Scotland provides funding for geothermal feasibility studies
Five projects in the Scotland have been granted funds to make viability studies for geothermal district heating and energy generation projects.
Good news for geothermal energy development in Scotland, where five projects “in Fife, West Lothian, North Lanarkshire and Aberdeenshire are the beneficiaries of awards totalling of £234,025” according to ReNews.
These funds will go to identify the viability of exploiting geothermal as a heat or power source for Scotland hoping to reduce fossil fuel usage providing a local, green, cheap and renewable energy source.

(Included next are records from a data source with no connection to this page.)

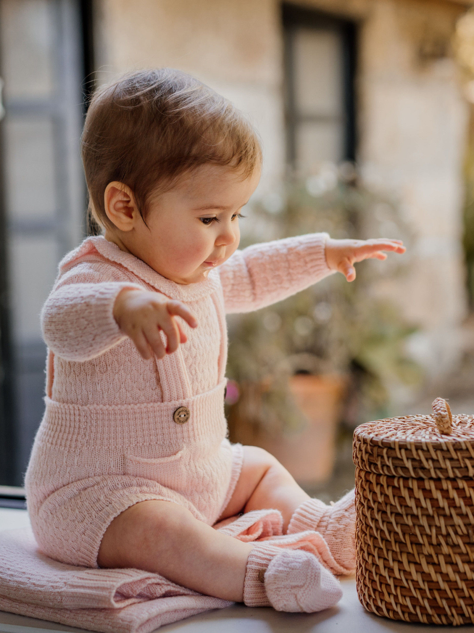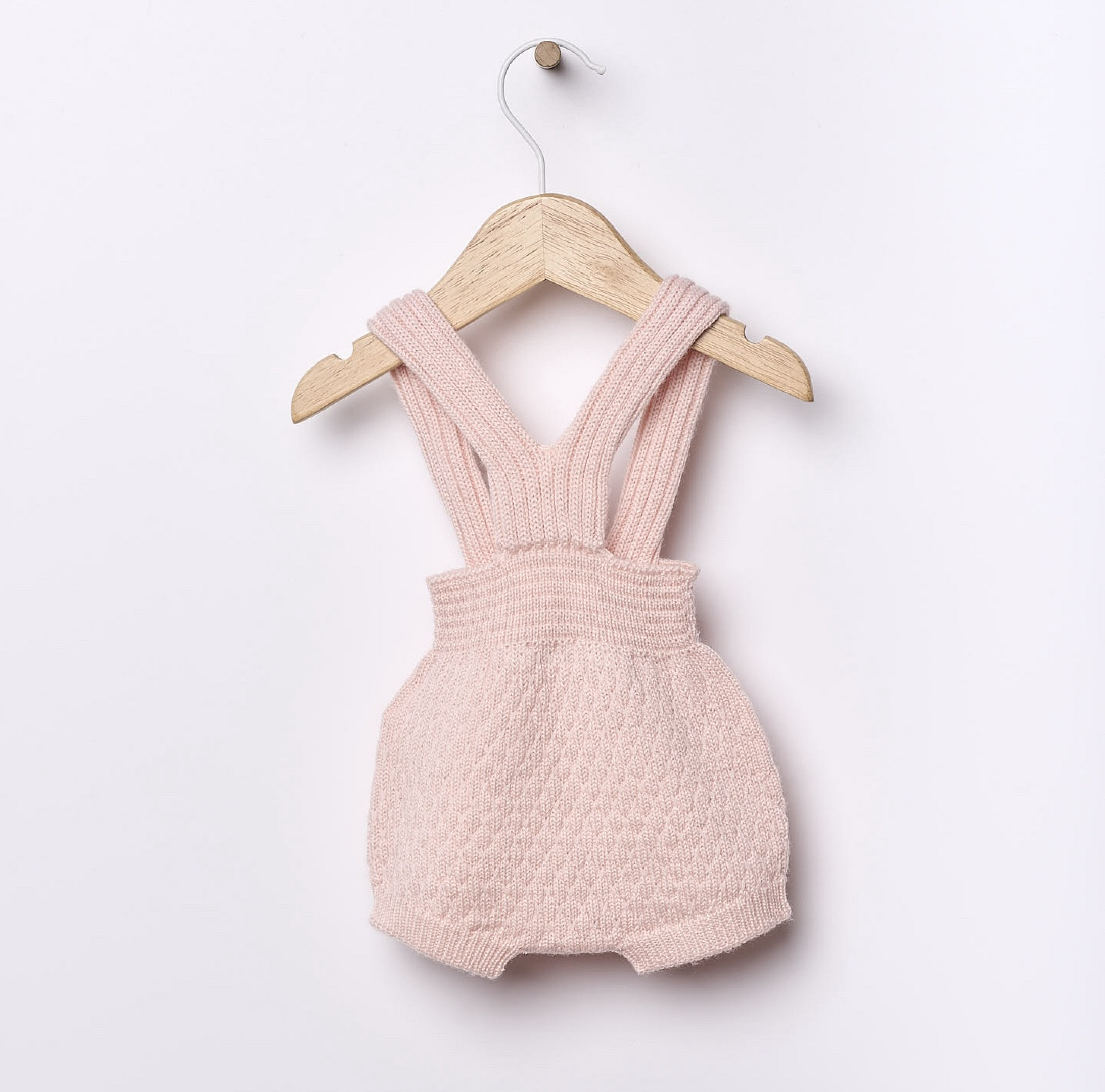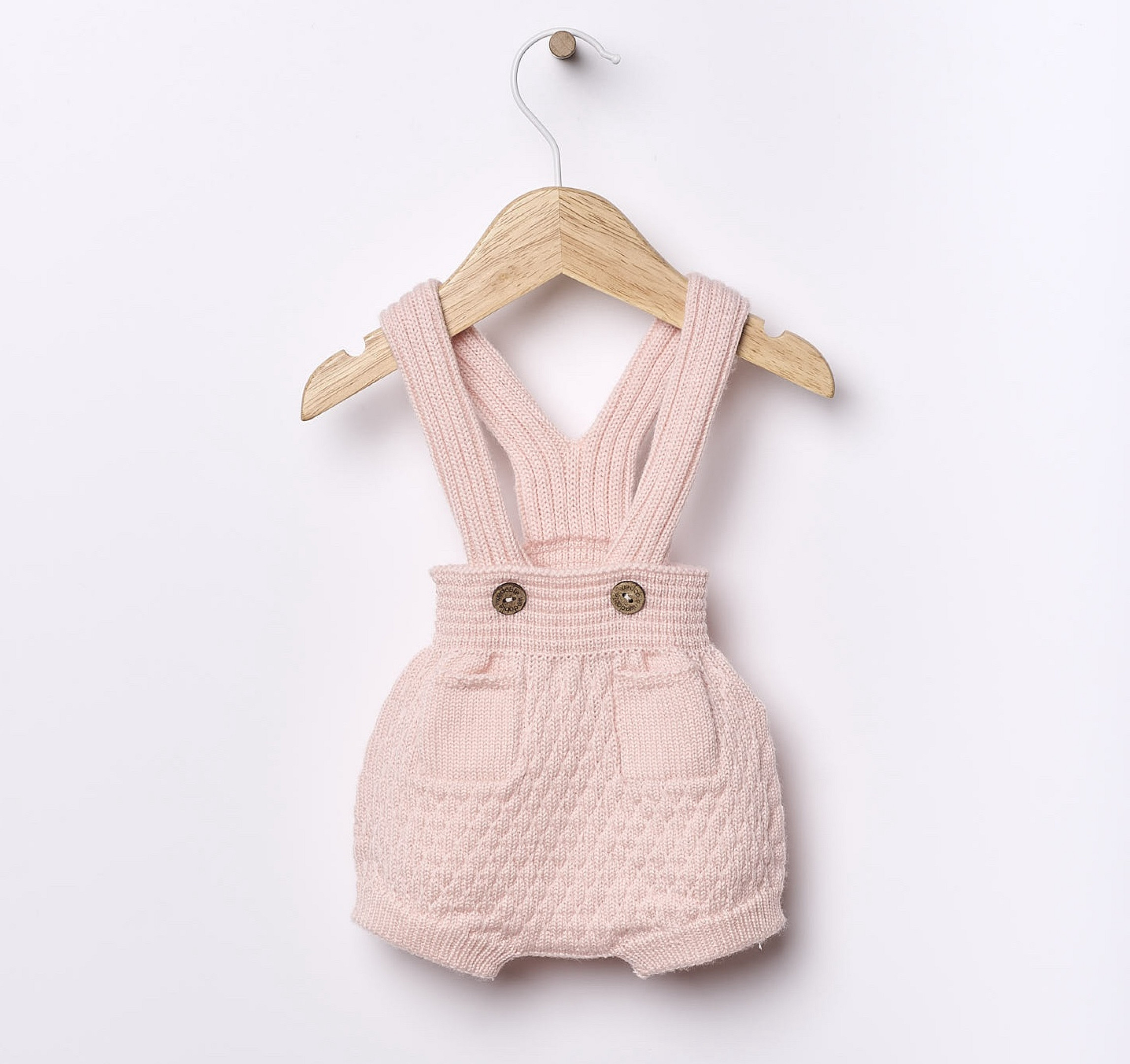 Iš minkštos merino vilnos megzti šortukai su petnešėlėmis. „Jaukumas” užsegamas kokoso sagomis. Pagamintas naudojant „Wholegarment“ technologiją, šis drabužis yra besiūlis, kad jūsų kūdikis jaustųsi kuo patogiau.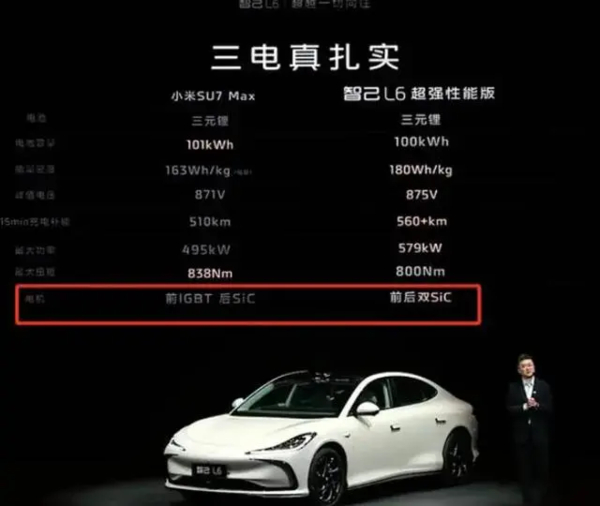 不过和小米不同的是,这次智己的发布会却出了岔子。在发布会比较二者的三电系统的环节中,智己称小米SU7 Max在电控上使用的是前IGBT,后SiC模块,而智己L6则是前后双SiC,因此比小米更加高级和良心。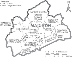 Madison County is located deep in the Appalachian Mountains of western North Carolina, and much of the county's terrain is rugged, heavily forested, and sparsely populated. The county's northern border is with the State of Tennessee. Madison County's largest river is the French Broad River, which flows north-northwest through the county, first past the county seat of Marshall, then past the resort town of Hot Springs.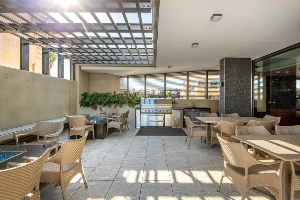 Luxury defined! Newly updated and professionally designed interior accentuates the modern architecture in this stunning townhouse that lives like a single-family home. Plus, the added value of a 'lock-and-go' lifestyle, 24/7 front desk staff and access to luxury high-rise amenities. Experience sophistication & comfort in this rare offering - the largest townhouse at The Park Bankers Hill, one of San Diegos most prestigious addresses. This contemporary townhouse features three levels serviced by a private elevator. The interior is a triumph, highlighted by floor-to-ceiling glass windows and floating staircases. The floor plan includes two bedrooms, plus a den/office, two and a half baths, a family room, a large dining room, an open kitchen, and a relaxed, cozy living room. Designed to 'blur the sense of indoor/outdoor living', there are five outdoor terraces/patios that infuse San Diego's equable natural sunlight & provide spaces for dining, entertaining, and a curated garden. Creston & Amazon Alexa fully automated Smart Home system conveniently operates lighting, Sonos audio, and solar window shades. The exterior is clad in glass, Volakas marble, and stamped concrete formwork to announce a sophisticated arrival. Sited across the street from Balboa Park's 1,200 acres in the vibrant Bankers Hill neighborhood, this exceptional residence offers a unique opportunity to enjoy upscale urban living just steps away from renowned dining and the citys cultural landmarks. The Park was completed in 2018 by DIALOG (architects), developer Zephyr, and contractor Balfour Beatty. Lavish amenities include 24/7 front desk staff, private lounge, conference/dining room, full event kitchen, wine room, gym with yoga room, pool, BBQ, two guest suites, and a dog wash. The six townhomes at The Park complement the 14-story luxury tower comprised of 60 modern homes and 2 ground-level retail spaces. The townhouse has 2 parking spaces with an EV charger.
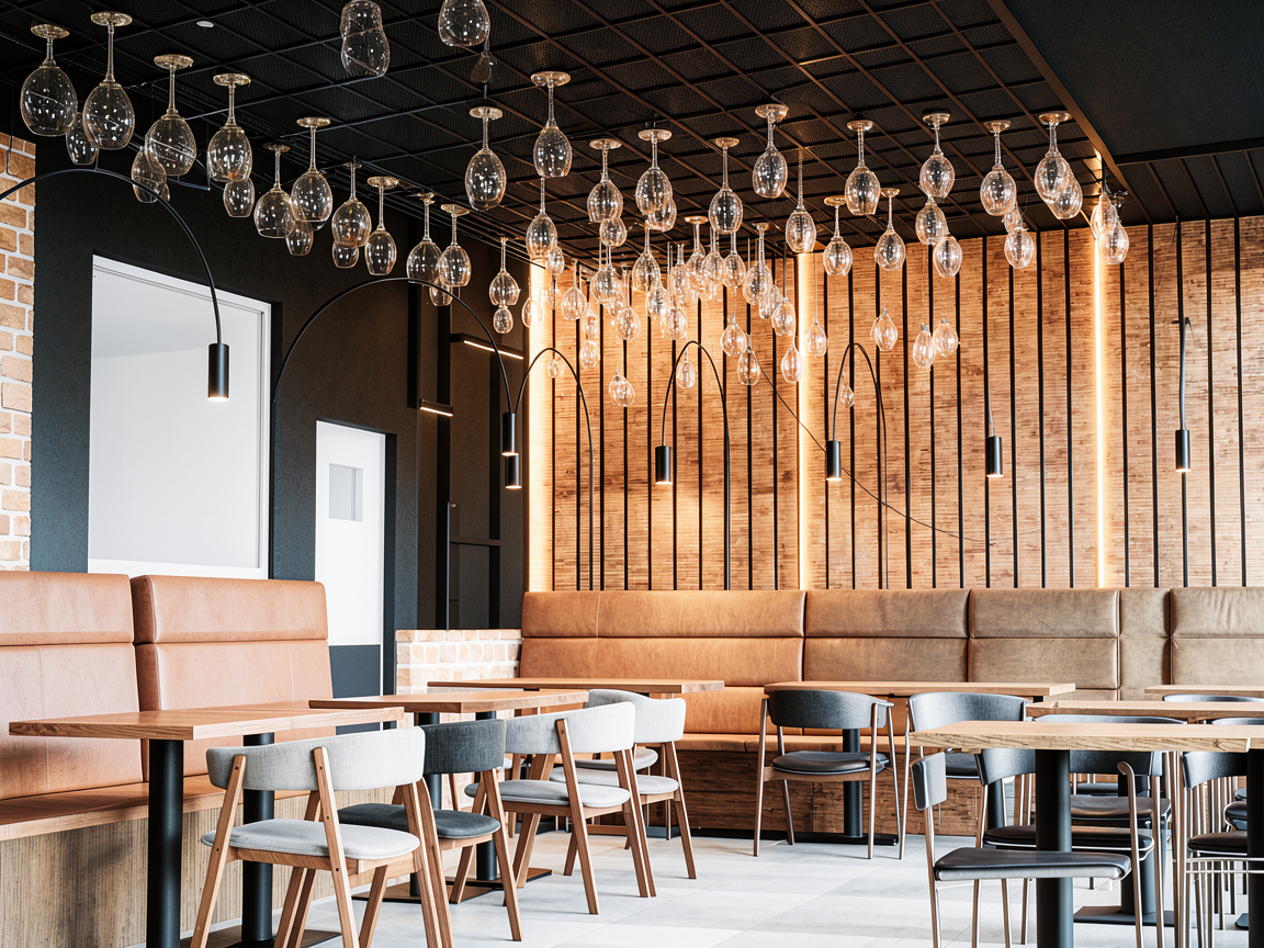 refine the current image while keeping everything exactly the same do not change composition ceiling design wine glass installation lighting mood or materials critical instruction remove only the string lights located on the back wall delete all fairy lights that are hanging or draped across the walnut wood slat wall the wall must remain clean showing only the vertical integrated led light strips between the walnut slats protection rule very important do not remove or modify any string lights in the ceiling installation the micro led string lights integrated into the black ceiling grid between the hanging wine glasses must remain exactly as they are these ceiling lights are required and must stay fully visible clarification there are two different types of lights 1 wall string lights must be removed 2 ceiling string lights between wine glasses must remain unchanged only remove type 1 keep type 2 completely intact do not change anything else in the image the final result should look identical to the current image but without any string lights on the wall

According to the same source the projects are as follows:
- Aberdeen Exhibition and Conference Centre: to conduct a feasibility study for the installation of a deep geothermal single well system to provide heat to the new Centre and associated buildings
- Guardbridge, Fife: to explore the geothermal potential under a brownfield site to provide heat to on-site industries and the local community
- Polkemmet, West Lothian: to establish the feasibility of geothermal heat from mineworkings, which will heat proposed new social housing in the area
- Hartwood, North Lanarkshire: to develop a fully operational minewater geothermal district heating system which could act as an ideal of how to transform farm economics and transfer benefits to local communities
- Hill of Banchory, Aberdeenshire: to explore the viability of adding geothermal energy from hot dry and hot wet rocks to the existing renewable heat network that is already serving the local communities.